Economic and environmental sustainability of heifer development strategies in pasture-based organic dairy systems

Project Lead: S. Clay Isom

Dairy products constitute the second largest sector of the organic agriculture industry in the US. And dairy cow replacement costs are second only to feed costs in magnitude for the average dairy farm: between one-third and one-fourth of the entire herd is replaced every year. In order to maximize herd lifetime productivity (and thus sustainability), dairy heifers should be raised to approximately 60% of their mature body weight and bred by 15 months, in order to calve by their second birthday. This management challenge is not a simple one, even in conventional confinement-feeding programs. Given the National Organic Program requirement that ruminant animals be managed on pasture and graze daily throughout the grazing season, heifer development within organic systems is even more challenging, and more costly than in confinement systems. The primary objective of the current proposal is to innovate new strategies for organic forage-based dairy heifer development, and then to inspire widespread adoption of these practices for enhanced farm sustainability. The central hypothesis for the research arm of the proposal is that high energy grasses in combination with a high protein condensed tannin-containing legume will maximize growth, health, and reproductive characteristics in developing organic dairy heifers, along with improved nutrient cycling and economic sustainability.

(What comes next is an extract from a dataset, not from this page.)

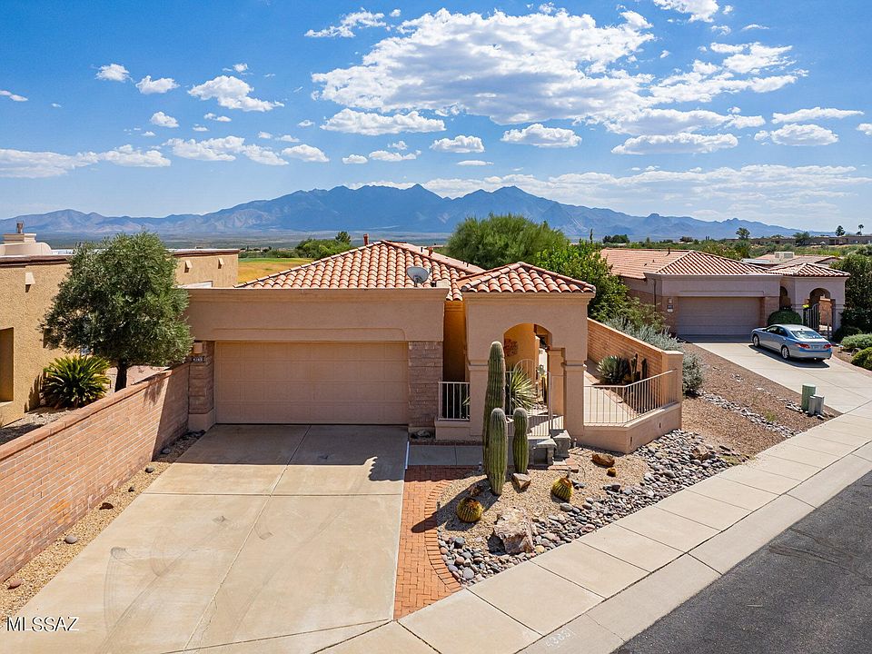 Incredible golf course and mountain VIEWS from the back patio of this lovely home in SI Ridge! Large enough to accommodate family and friends, but small enough to be super low maintenance, this home is the perfect winter get away! You will never get tired of spending time in the back yard, where the only thing you will see is the Santa Rita Mountains and the lush greens of the golf course. An Arizona room offers a more protected entertaining space, but still showcases those views! Inside, the living and dining areas look out onto the AZ room and back patio, and large windows let the natural light in. The views can be seen prominently from the inside, as well as out. The kitchen is spacious and sliders open up to a large breakfast area and convenient side BBQ patio. A powder room is adjacent, making it easy for guests. Your primary suite has a walk-in shower and closet and windows frame those incredible views! The guest en-suite is on the other side of the home, giving everyone a private retreat. With its beautiful mountain and golf course views, easy-flow floor plan, and proximity to golf courses and rec-centers, the only thing this home is missing is YOU!

Ours is a truly “integrated” project, incorporating research, outreach, and educational components of crop science, animal science, environmental science and economics in order to make organic dairy heifer development a sustainable practice in every sense of the word.

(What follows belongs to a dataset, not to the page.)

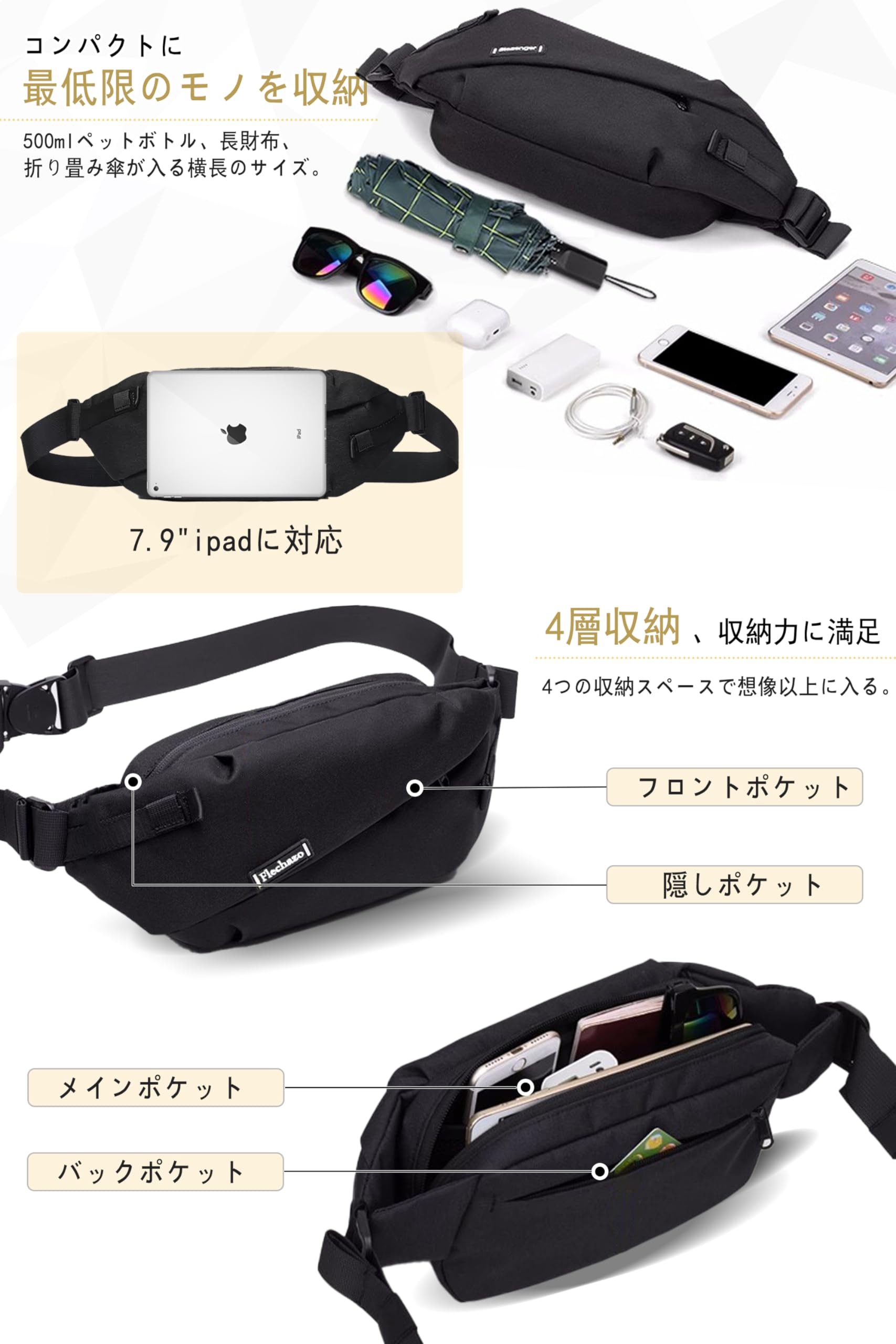 [Flechazo] 機能強化2.0]ショルダーバッグ メンズ 斜めがけ ボディバッグ ウエストポーチ セキュリティポーチ コンパクト 小さめ 軽量 スキミング防止 rfid 軽量 撥水 多機能 3way 海外旅行、通勤、スポーツに適用(ブラック)

Cattle Methane Emissions, Nitrogen Use and Fatty Acid Processing of Legumes

Project Lead: Jennifer MacAdam

The objectives of project 1329 are to determine the methane emissions, fatty acid concentrations, rates of feed passage, and nitrogen partitioning in waste of cattle on three types of pasture (a grass, a tannin-containing legume, and a non-tannin legume) and on feedlot diets. We have evidence from previous studies and review of the literature linking these factors to improved economic and environmental sustainability. The objectives of project 1260 are basic research comparing the effects of rangeland, irrigated pastures and annually cropped irrigated land on rates microbial mineralization of carbon, and thus carbon sequestration.